Fig. 4 (A) Hierarchical clustering of the correlation matrices that were created by correlating the organ-specific factor lists for plastids, peroxisomes and mitochondria. (B) Abundance of photosynthetic proteins in leaf and pollen datasets. The low correlation of the plastid proteome in these two organs results from differences in photosynthetic capacity. Shown here is a MapMan43 representation of proteins involved in photosynthetic light reactions.

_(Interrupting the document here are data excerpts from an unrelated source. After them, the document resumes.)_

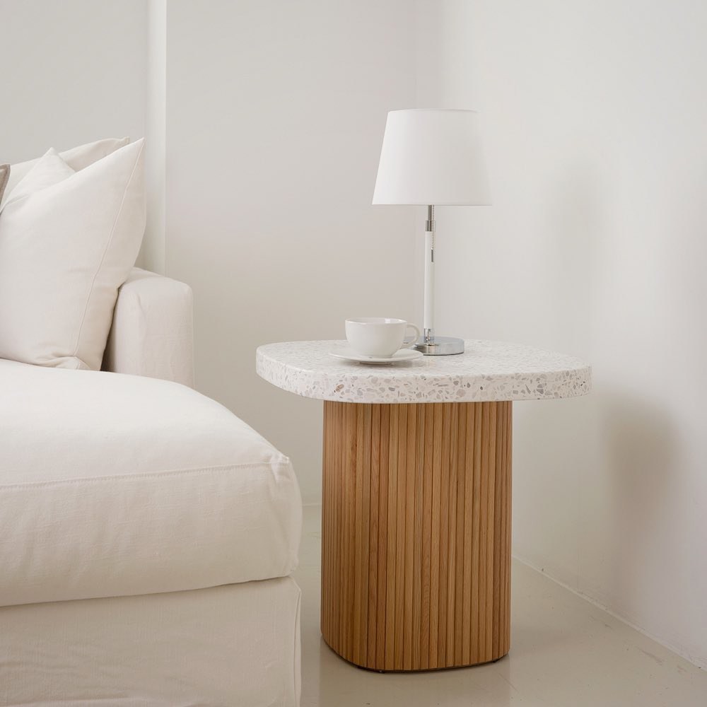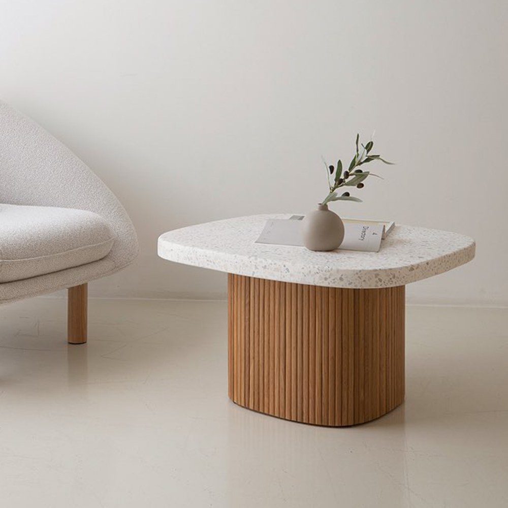 京都詩意水磨石茶几,水磨石桌面讓人瞬間有步入鄉間小徑中的自然溫潤感受,桌腳則是以柵欄式木作圍繞成圓方型,象徵京都式建築的文化,將和風微微沁入你的生活,而同樣為圓方型的水磨石桌面,不僅在居家中很好搭配,也能減去被銳角誤傷的情況。
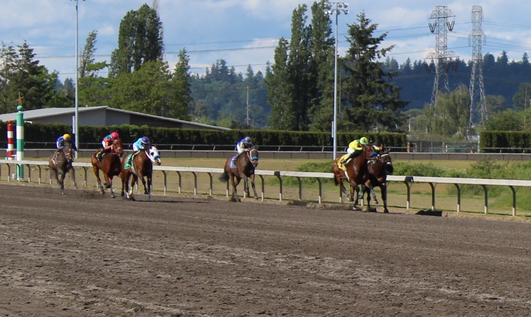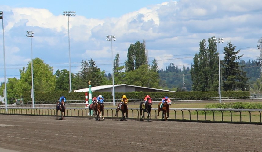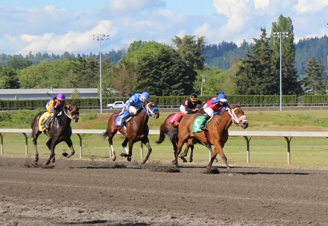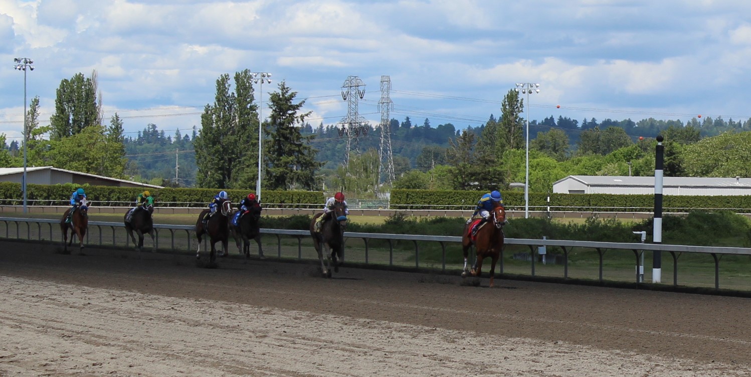 6 broke from the gate in the 3rd race going 5 1/2 furlongs and Alex Cruz broke well with 2-1 favorite Stay Sassy to take command leading by a length all the way to the top of the stretch setting reasonable fractions of 22.11 and 45.53 leaving Sassy plenty of sassiness for the final 2 furlongs stretching that lead and winning 2 1/2 lengths. Stay Sassy stopped the clock in a final time of 1:03.53 and races for Dave and the Little Lady Stable and trained by Charles Essex. Stay Sassy is a 4-year-old filly by Stay Thirsty out of Pippa Bou Peep by Harbor the Gold and bred here in Washington State by Dave and Linda Olson.
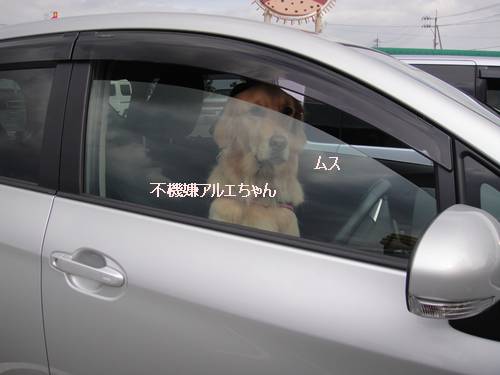 車の中でのお留守番に、すっごく怒ってる・・・!(後部座席には、同じ表情のハルくんが・・)
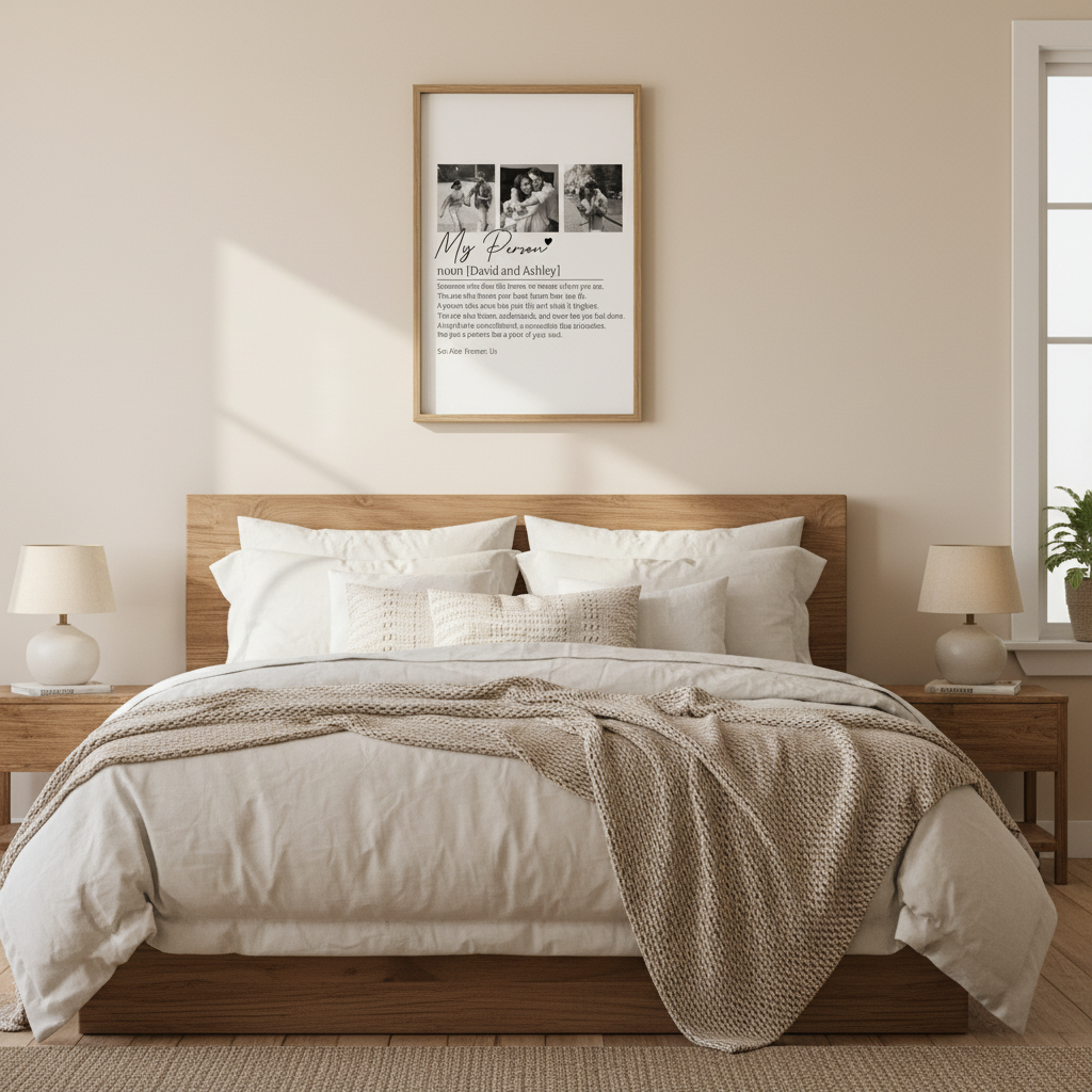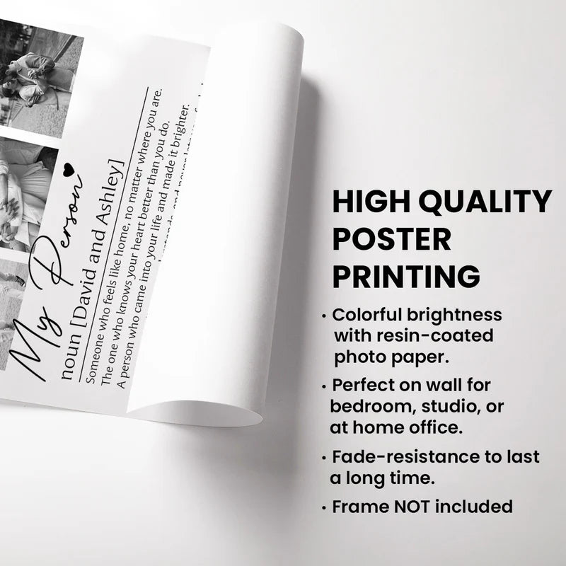 Simple, elegant, and deeply meaningful, this personalized “My Person” definition wall art turns love into words that last forever. Instantly captivating with its clean, modern design and photo-style layout, it draws you in with a heartfelt definition personalized with names and cherished memories. Printed with clarity and warmth, this poster beautifully expresses connection, comfort, and unconditional love—transforming your relationship into timeless décor. It’s a sentimental statement piece that speaks straight to the heart and invites your loved one to feel chosen, understood, and forever cherished.

Hierarchical clustering of the different correlation matrices revealed a separation between photosynthetic and non-photosynthetic plant organs for the plastid and peroxisomal proteins, but not for the mitochondrial proteins (Fig. 4A). Cell culture proteins cluster together with non-photosynthetic organs, even though green (illuminated) Arabidopsis cultured cells were used for about half of the MS/MS measurements. Illuminated cultured plant cells also depend on sucrose for growth, however, and therefore do not have a fully functional photosynthesis metabolism for autotrophic growth. This limits the utility of cultured cells for the analysis of quantitative processes at the protein level in plant organelles involved in assembling and regulating photosynthetic function and associated processes.

To further investigate if photosynthetic processes separate the photosynthetic and non-photosynthetic organs into different clusters and constitute the apparent functional proximity between peroxisomal and chloroplast functions, the abundance factors of the proteins from photosynthetic and non-synthetic organs were subjected to separate Spearman rank correlations using pairwise complete observations, followed by hierarchical clustering. Applying the hierarchical threshold clustering method37 with a minimum correlation coefficient of 0.8, the largest cluster from each dendrogram was identified and the proteins of those clusters were subjected to a functional classification. The most significantly over-represented GO biological process in the non-photosynthetic organ cluster was translation (p = 2.3e−18), whereas it was photosynthesis for the photosynthetic organ cluster (p = 8.2e−29). This shows that protein levels of photosynthetic proteins are co-regulated in photosynthetic organs, but less so in non-photosynthetic organs, and that photosynthesis separates the organs into different clusters. The adaptation of plastid and peroxisomal proteomes in different organs is therefore clearly connected to photosynthesis and photorespiration (Fig. 4B).

In summary, plastids and peroxisomes display high correlation coefficients between photosynthetic organs and photosynthetic organs clustered together for plastids and peroxisomes but not for mitochondria. In plants, peroxisomes differentiate into several variants. Two major variants are glyoxysomes that are induced upon seed germination and contain enzymes that are required to convert storage oil into carbohydrates, and leaf peroxisomes that are present in photosynthetic mesophyll cells where they play an important role in photorespiration.38 Photorespiration is of major importance for photosynthesis and therefore leaf peroxisomes are in close functional interaction with chloroplasts in photosynthetic organs. This is well reflected in the cluster analysis because we find a close coordination of plastid and peroxisomal functions, which is clearly driven by the photosynthetic capacity of the organs. This demonstrates that the protein abundance factors in the pep2pro TAIR9 wos dataset contain valuable information on organelle-specific differences in the different organs and hence can be used to obtain further insights into the processes taking place in different parts of a plant.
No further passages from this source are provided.